Some lessons learned from running a CSA program in Philadelphia:
Recipes and newsletters improve accessibility and relationships that our customers have with local foods
Half shares sell faster than full shares and full shares are often split between two households
People are excited to use SNAP dollars on locally-grown food
Groundhogs are the worst
Mugwort is everywhere
There is a lot of local fruit that can be foraged
Having a diverse range of crops is difficult but worth it because it helps maximize our growing space
Growing culturally significant crops and/or small amounts of plants that are important is meaningful to growers like me and keeps me going when the gettin’ gets hard
In addition to our regular CSA program, four of our full shares are paid for through donations to be gifted to a chef and doula who create and deliver free postpartum meals for new parents. We call this the Giftbaby program. This idea came about by discussing the need for fresh and nutrient-dense foods for new mothers and having relationships with local doulas looking to offer this service to their clients. This year, we created a streamlined ordering system through our website and “sold out” the meals within an hour of being listed on the site, demonstrating that we are fulfilling a clear need and that there is a demand for more of this service.
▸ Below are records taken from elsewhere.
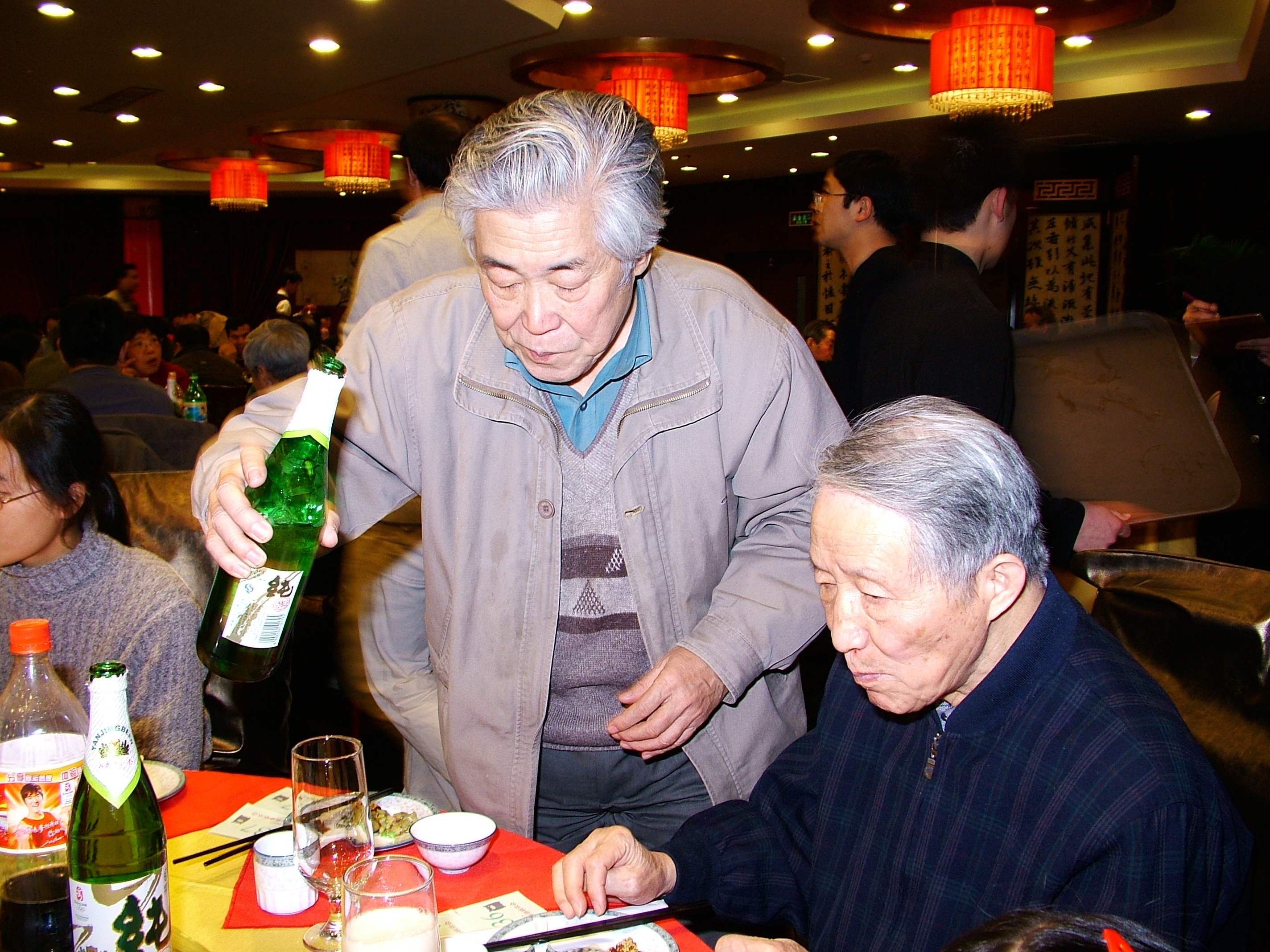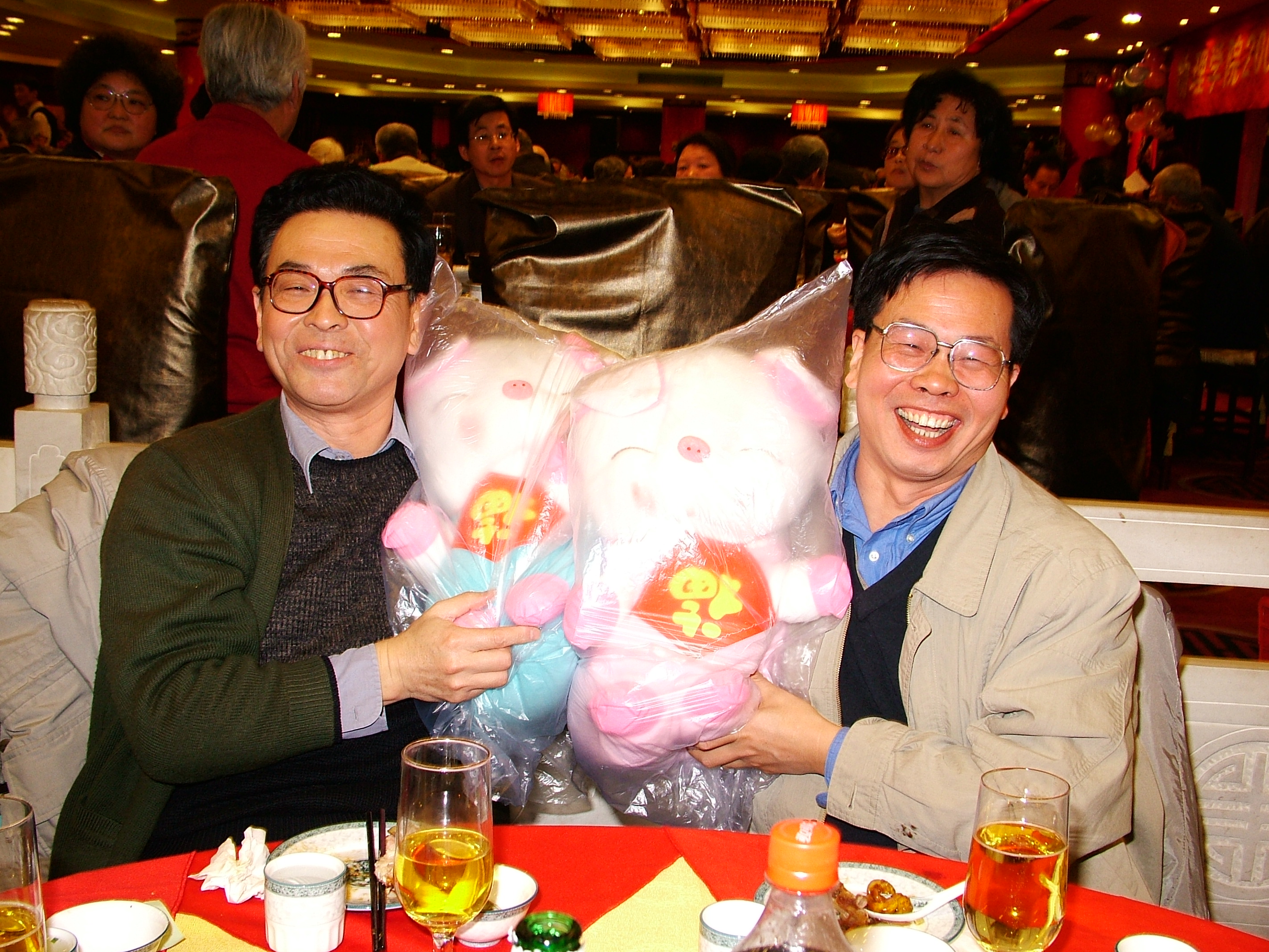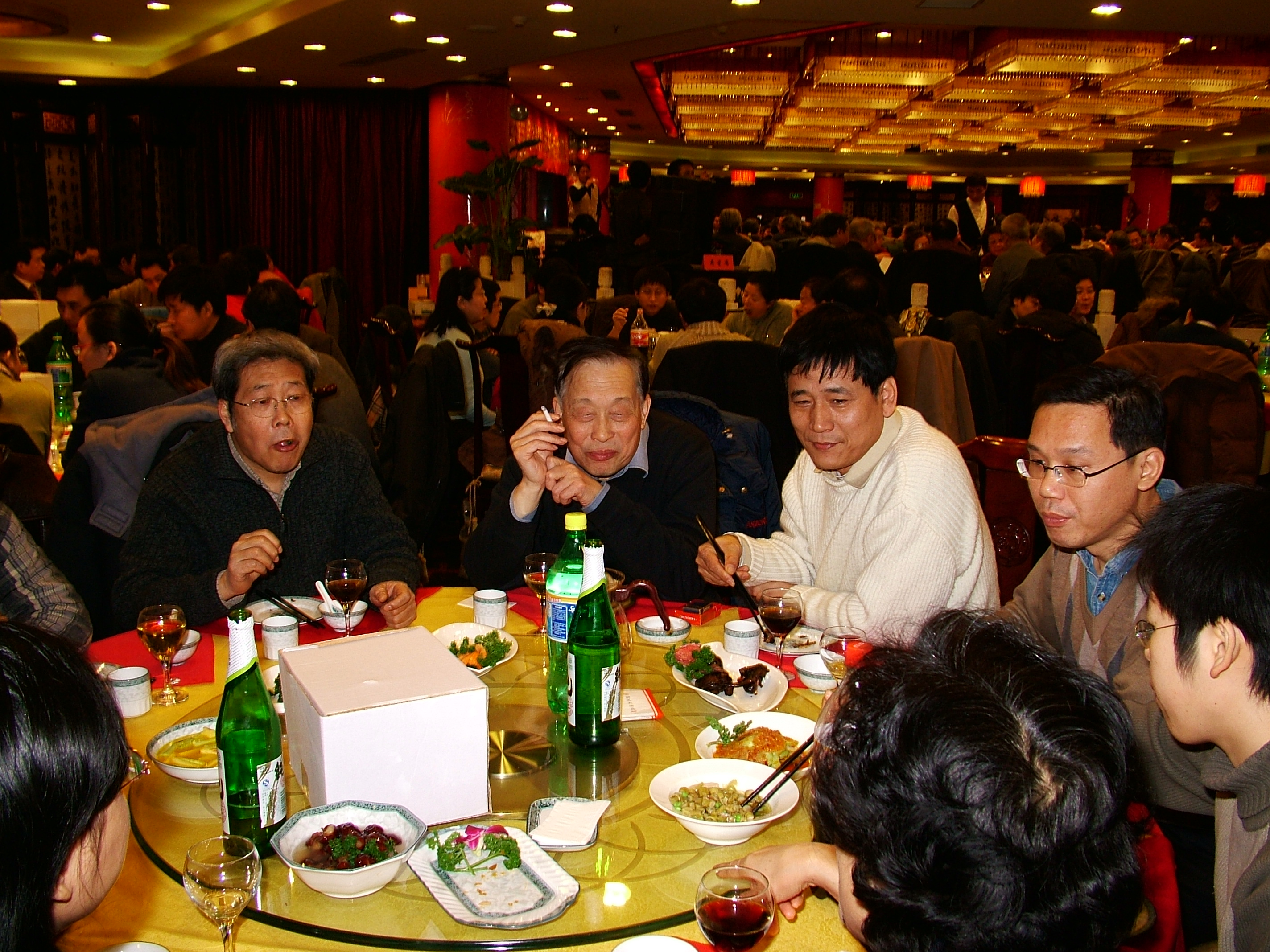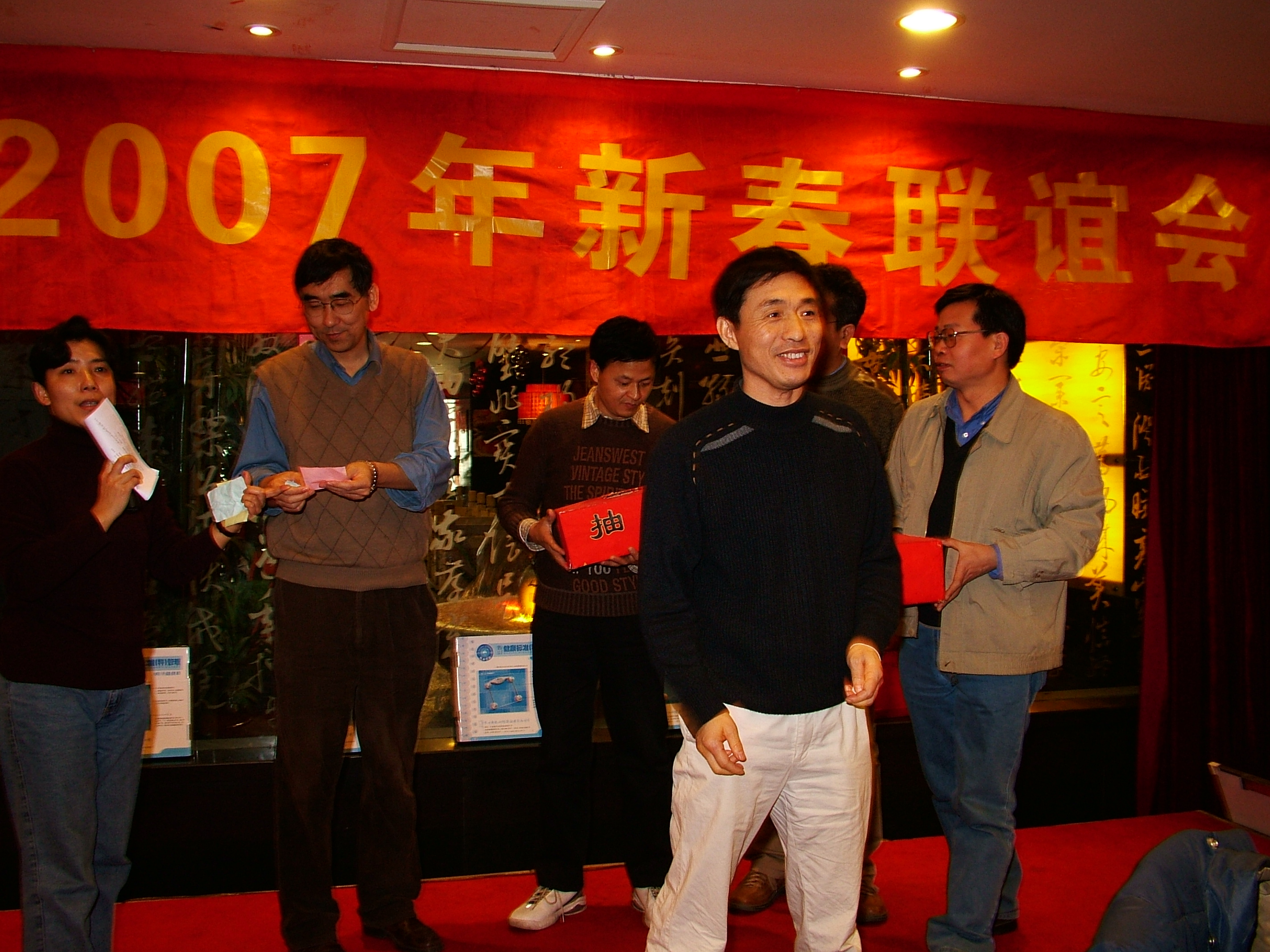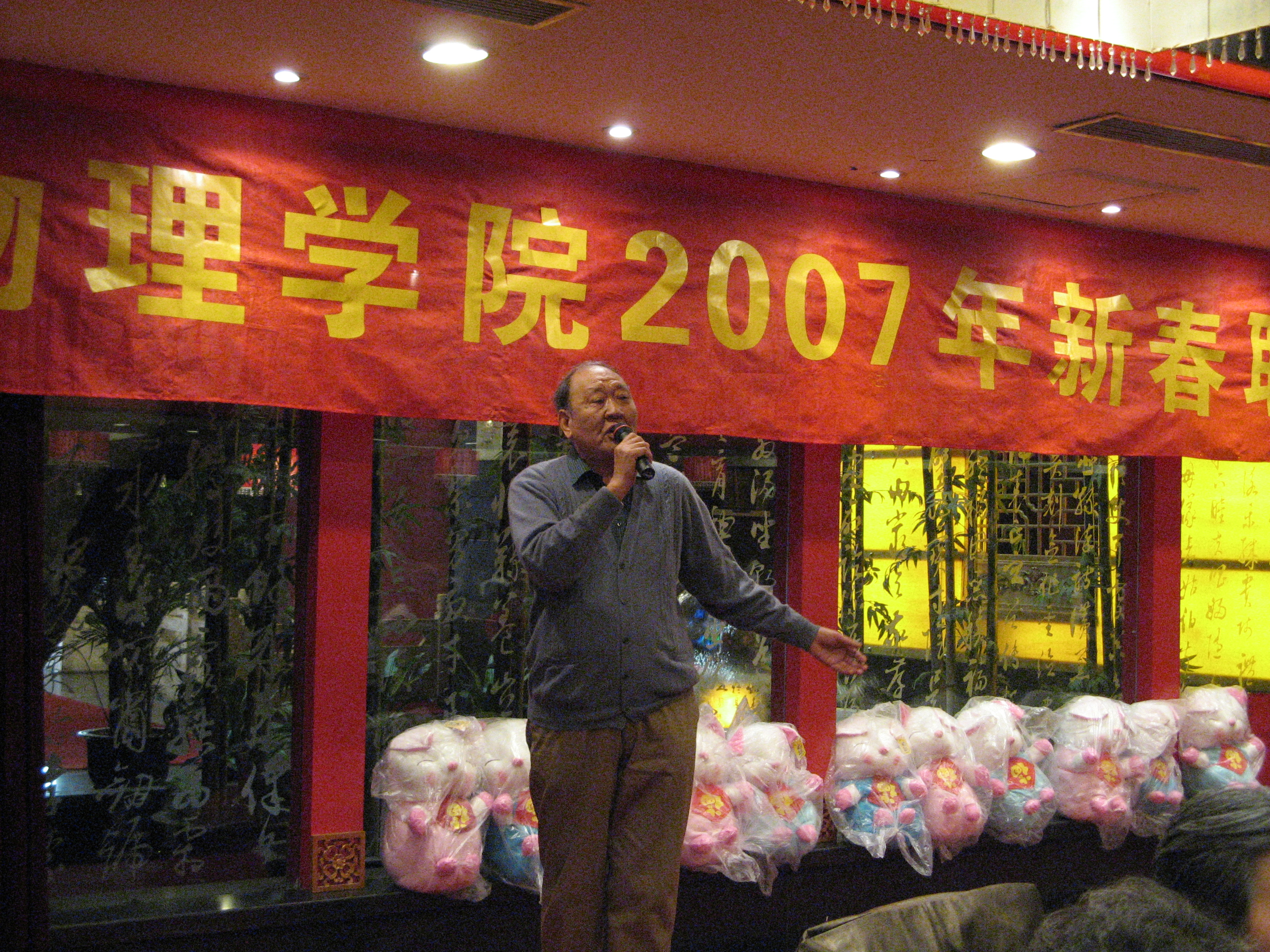 开始自由表演,大家一边品尝美味佳肴,一边自娱自乐。本是上海人的叶学敏教授兴致勃勃地唱了一段京剧“甘洒热血写春秋”,虽然,说不上字正腔圆,却也韵味十足;技物系孟杰教授没忘老传统,上台后先给大家拜了个早年,又献上了一首“花儿为什么这样红”着实勇气可嘉;最后蹦上台的是金猪本命年的俞大鹏教授,他演绎的经典歌曲“牧歌”,虽是耳熟能详,却很是让大家回忆逝去的光阴,歌唱毕,他的同桌给他献上一朵红玫瑰以资鼓励他精彩的才艺展示,这种别具一格又带点幽默感的和谐之美,立即得到周边各位的认同,大家都报以热烈的掌声。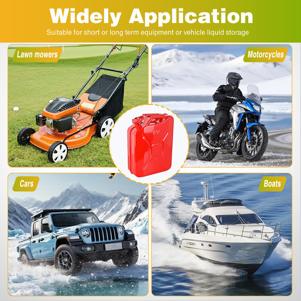 - 5 Gallon Gas Can: Red metal gas cans hold up to 5 gallons (20 liters) of fuel gasoline and is designed for short-term or long-term storage of fuel, ensuring your lawn mowers, trimmers, ATVs, snow blowers and other automotive vehicles outdoor power equipment are always full and ready for optimal performance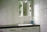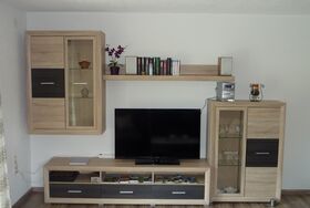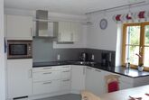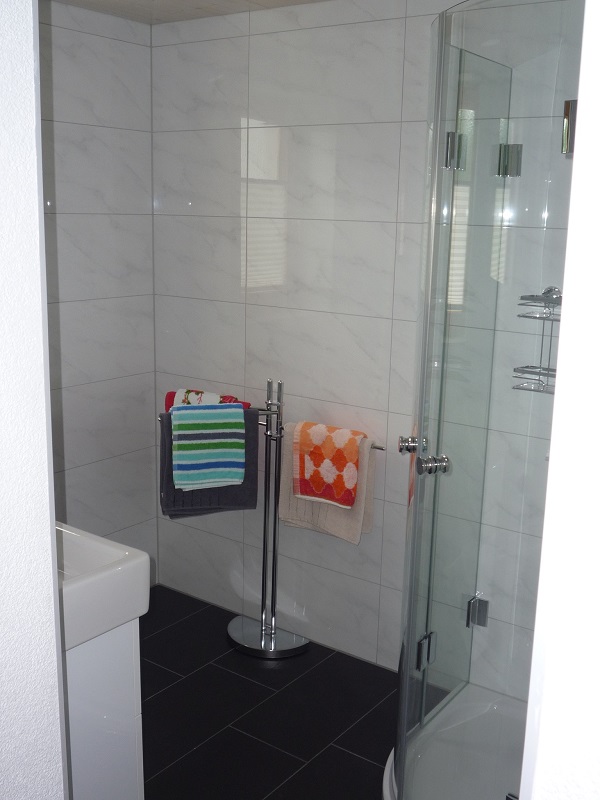 Die Wohnung im Erdgeschoss hat zwei Schlafzimmer für 5 Personen, eine eigene Küche und ein separates Wohnzimmer. Im Bad und räumlich getrenntem WC mit Glastür und jeweils einem Fenster ist ausgestattet mit Fußbodenheizung, großem Waschbecken und Dusche.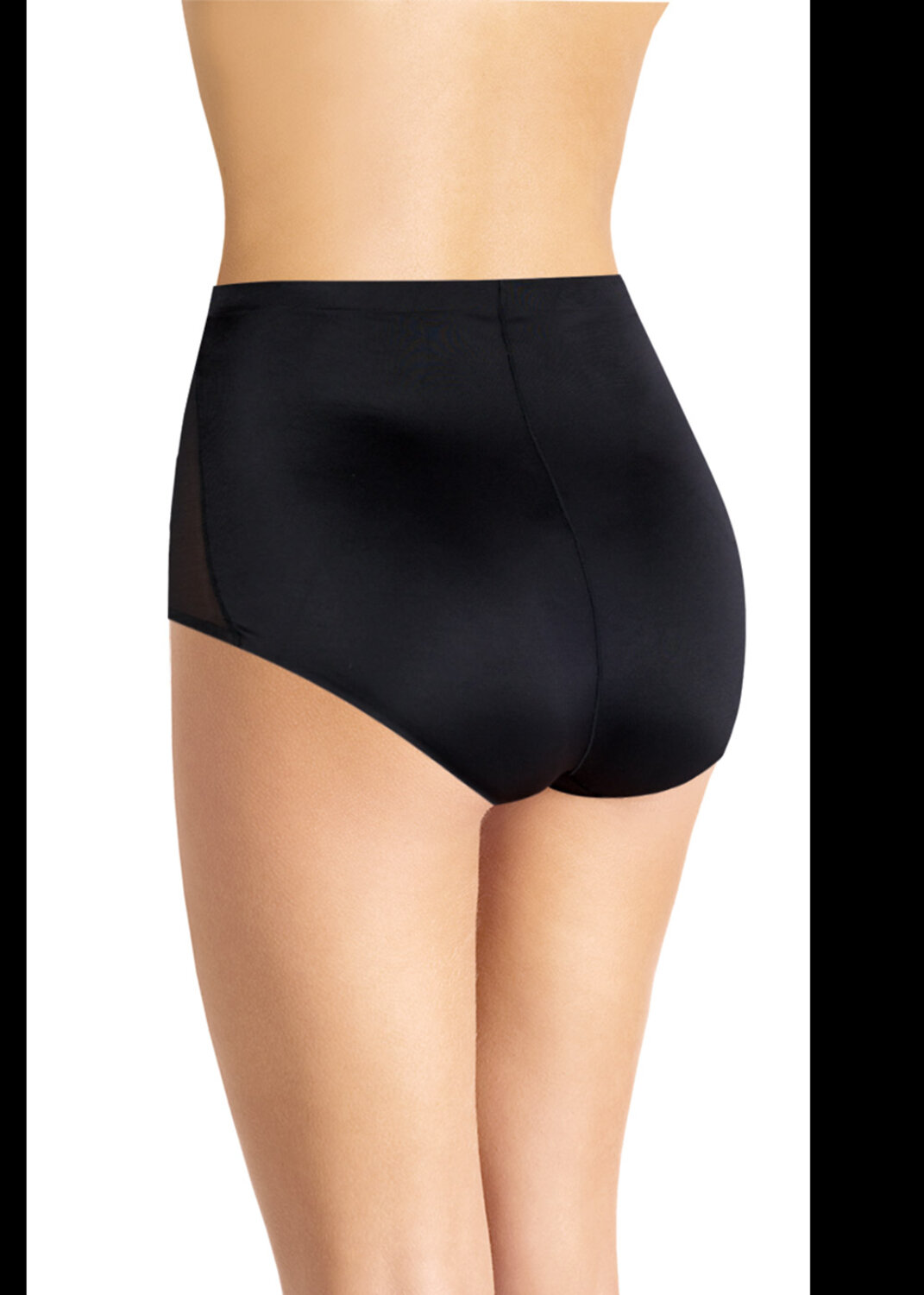 Трусы-макси женские из полиамида с эластаном. По переду вставки из сетки. Обработка краев - подклееный край. Хлопковая ластовица.

To recap, this year's CSA program consisted of eight full shares, eight herb shares, 15 half shares, and four full shares donated as bulk produce for meals. Although this was tricky to coordinate and keep track of, it allows us to distribute almost 100% of the food we grow. If a crop produces less than we expected or produces inconsistently shaped fruit, we can give it to the Giftbaby chefs since they are expert cooks and the distribution is going directly to meal prep. We include crops in the half and full shares when crops are more productive. We grow and distribute herbs because they provide different and essential vitamins and nutrients than vegetables. Plus, herbs and flowers deter pests and encourage pollinators on our small farm, making herbs a fun, beautiful, essential aspect of our micro-climate.
We still need to figure out how to fund the cost of labor, grow vegetables on a small scale, and secure land the business members could own. We have a lot to learn, but we feel powerful in creating a farm business that responds to the needs of our community and teaches us so much about our home along the way.